A gradual increase in the detection of these stunning little fish called cling gobies has been occurring in the Australian Wet Tropics over the past decade as a function of TropWATER fish ecologists snooping around in rainforest streams. Ebb and James Donaldson have encountered a ninth species in Australia based on glimpses of this fish grazing on rocks immediately beneath a waterfall just south of Cairns. On one trip they even roped in fish guru, Dr Gerry Allen, to help out with things since he has encountered cling gobies more widely in streams of the Pacific region. Ebb commented that ‘it was a pretty exciting day when observing two giant cling gobies at a whopping 18 cm and 20 cm in length. Most adult cling gobies are more typically around the three to ten centimetre mark.’
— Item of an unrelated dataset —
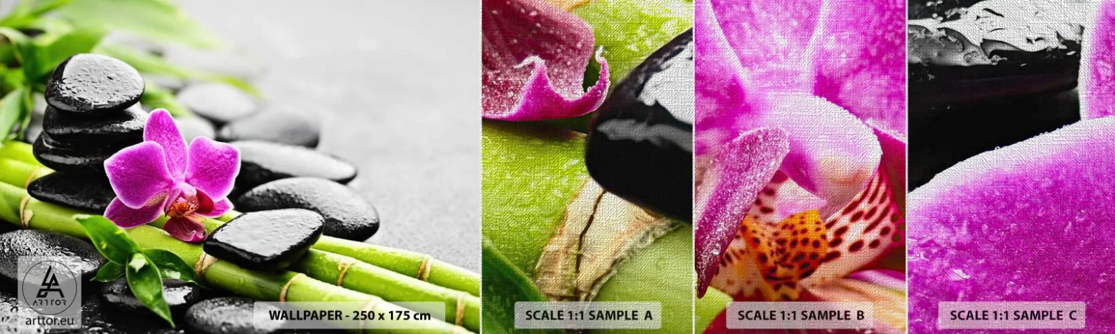 Mostră tapet Premium Canvas - Într-un echilibru pașnic - Flori, Orhidee, Orhidee - 100x30 cm

A second trip involved using a network of ten video cameras to record the behaviour of this secretive species. The species has a red eye, and the ladies are little and brown whereas, the male is brown with black and gold patterns on the upper body. However, in the lead up to courtship the bucks display an overall luminescent white sheen with two thick black stripes resembling chop sticks on each pectoral fin, and some aqua-blue touches at the base of the tail. This male masquerade stands-out vividly in the darkened rainforest streams, hence it appears like a ghost. The identification was confirmed by the world expert on stream cling gobies, Professor Philippe Keith from the Muséum National d'Histoire Naturelle, in Paris. Professor Keith commented that ‘this species is found elsewhere on tropical Pacific Islands, but is usually much smaller in body size than what has been seen in the case of the range extension to the Cairns region’.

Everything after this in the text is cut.